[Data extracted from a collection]
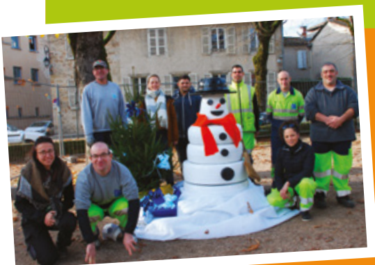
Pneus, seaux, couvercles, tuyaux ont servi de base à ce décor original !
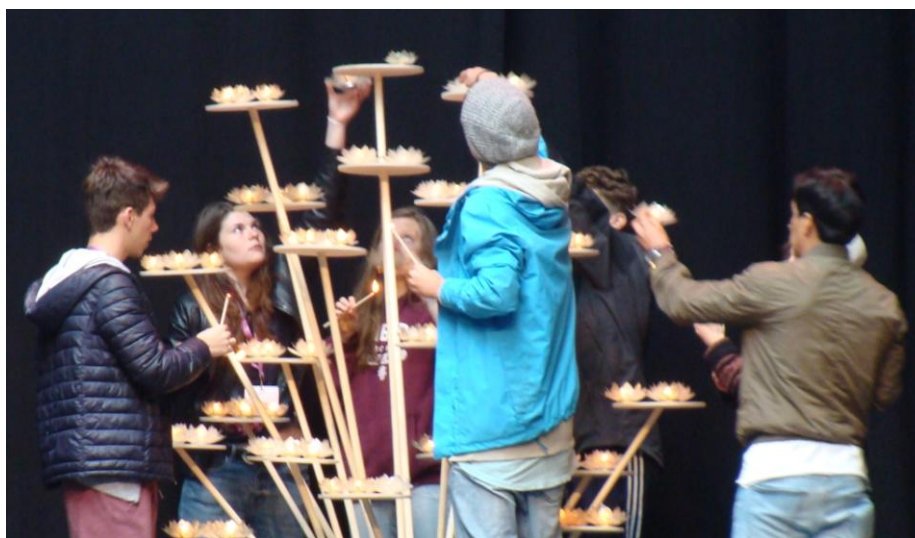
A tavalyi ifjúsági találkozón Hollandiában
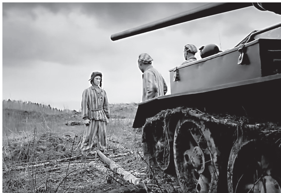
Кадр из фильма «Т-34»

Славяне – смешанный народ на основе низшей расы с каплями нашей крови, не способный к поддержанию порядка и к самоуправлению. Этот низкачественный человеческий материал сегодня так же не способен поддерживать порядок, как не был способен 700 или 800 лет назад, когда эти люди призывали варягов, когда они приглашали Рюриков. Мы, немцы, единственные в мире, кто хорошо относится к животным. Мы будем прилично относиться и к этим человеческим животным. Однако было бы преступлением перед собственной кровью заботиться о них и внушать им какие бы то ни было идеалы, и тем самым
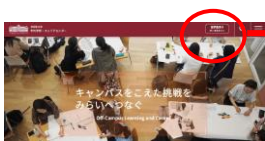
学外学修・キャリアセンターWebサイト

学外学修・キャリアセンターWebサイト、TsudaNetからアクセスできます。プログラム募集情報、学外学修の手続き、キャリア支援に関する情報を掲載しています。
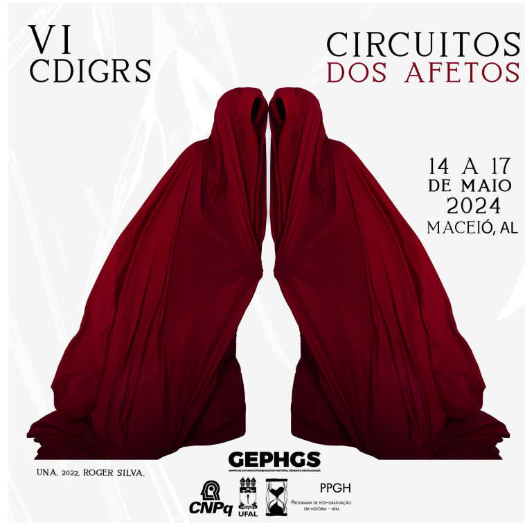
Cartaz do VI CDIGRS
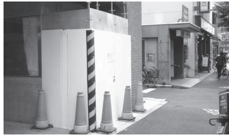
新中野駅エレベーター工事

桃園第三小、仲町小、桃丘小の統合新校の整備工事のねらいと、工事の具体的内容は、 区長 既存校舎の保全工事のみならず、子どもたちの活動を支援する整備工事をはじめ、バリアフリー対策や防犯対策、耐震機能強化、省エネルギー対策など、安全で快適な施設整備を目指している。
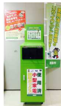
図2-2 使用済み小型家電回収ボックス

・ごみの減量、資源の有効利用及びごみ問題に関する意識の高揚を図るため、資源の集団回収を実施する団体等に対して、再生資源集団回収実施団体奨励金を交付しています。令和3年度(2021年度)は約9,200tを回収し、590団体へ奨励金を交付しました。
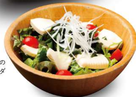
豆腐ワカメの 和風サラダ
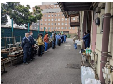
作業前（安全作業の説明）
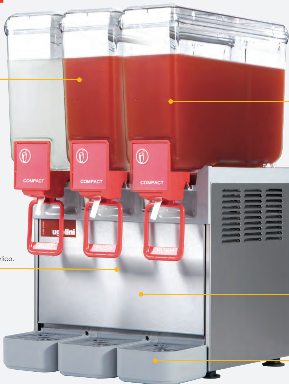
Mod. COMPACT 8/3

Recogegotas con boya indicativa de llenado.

What you have to do
What are the lines above that hold the string "キャリアセンターWebサイト"? Copy them.

Expected output
学外学修・キャリアセンターWebサイト
学外学修・キャリアセンターWebサイト、TsudaNetからアクセスできます。プログラム募集情報、学外学修の手続き、キャリア支援に関する情報を掲載しています。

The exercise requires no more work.